The improvisational flourishes that acrylic paint allows have given rise to a febrile series of cold-blooded creatures: snakes, lizards and turtles. There seems to be a human being among them, too, surfing a giant board across a circular canvas. In another work, reptilian hatchlings emerge, vulnerable but hopeful, into an exciting but dangerous new world. Such pandemic-induced allegories don’t need much unpacking.
By the second half of 2020, Hlobo was frequently being asked by one gallery or another to put on an online show, but consistently refused. “I don’t visualise myself as having an exhibition in some funny box called a computer,” he says. And it’s true that his works, even those that hang on the wall, are highly spatial. There are coiling copper ones that sit on the ground and perform like drawings in the air. Hlobo sometimes gives stately performances around his composite sculptures, where his own stillness emphasises the uncanny sense of movement they convey.
I don’t visualise myself as having an exhibition in some funny box called a computer
The piece that brought him global attention, at the 2011 Venice Biennale when Hlobo was 36, was an alarming dragon-like beast of rubber, leather, ribbons and multiple found objects that hovered in the rafters of the Arsenale. When it was finally returned to Cape Town (where Hlobo is from) in 2017, to be hung in the soaring foyer of the Zeitz Museum of Contemporary Art Africa — the country’s first — it had a rather emblematic quality as the work that had consolidated South Africa’s presence on the global contemporary art stage.
Hlobo, who could have rested on his laurels, says that being part of the Biennale had already taught him something: to be humble and keep his ego in check. Meanwhile, from a mentorship with Anish Kapoor from 2010 to 2011, under the Rolex Mentors and Protégés initiative, he had taken the older artist’s advice. “He told me: ‘Don’t take on too much. Don’t grow up to be like me. The phone never stops ringing, and it’s a pain,’” says Hlobo.
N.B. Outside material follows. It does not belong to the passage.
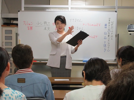こんにちは。 関西作法会 HP委員Yです。 先日開催しました「心のおしゃれ講座」のご報告です。 講座を担当した白石講師より感想をいただきました。 日時 平成30年7月28日 午後1時30分~3時 会場 トータルマナー株式会社 講師 トータルマナー株式会社講師 白石 三保子 内容 キラリと光る☆大人の会話・言葉づかいのマナー 心のおしゃれ…

The dragon was called “iimpundulu zonke ziyandilandela” (All the Lightning Birds Are After Me) and Hlobo has continued to name all his work in the Xhosa language. This is not just to highlight its connection to both the spiritual myths and the harsh realities of the Xhosa people — historically and today — but to separate it intentionally from the western art canon. It might now sit in white cube galleries and US and European institutions, but viewers — with these hard-to-pronounce titles — are encouraged to resist an instantly reductive interpretation and to consider first the context from which it comes.
The title of his new show is Elizeni Ienkanyiso (On the Wave of Enlightenment), something which Hlobo felt keenly during the pandemic in his country. “It gave us the opportunity to be better people,” he says. “But it also revealed some of the workings of the world and who runs the show.”
Hlobo complains about having to drive to Soweto to pick up black market cigarettes for twice the normal price (tobacco was banned on health grounds during South Africa’s first lockdown). But on a more serious note, he talks about the funds donated by wealthy private individuals in South Africa to help small businesses in financial straits brought about by the pandemic. Such acts, while philanthropic, in his view also brought South Africa’s deep inequality into sharper focus than ever.
“We always knew that we have great poverty and small pockets of great wealth here,” says the artist. “But the pandemic made it more obvious. That perhaps the people who really run the country are not those we elected.” Hlobo, with his surfers and snakes, is telling it how he sees it.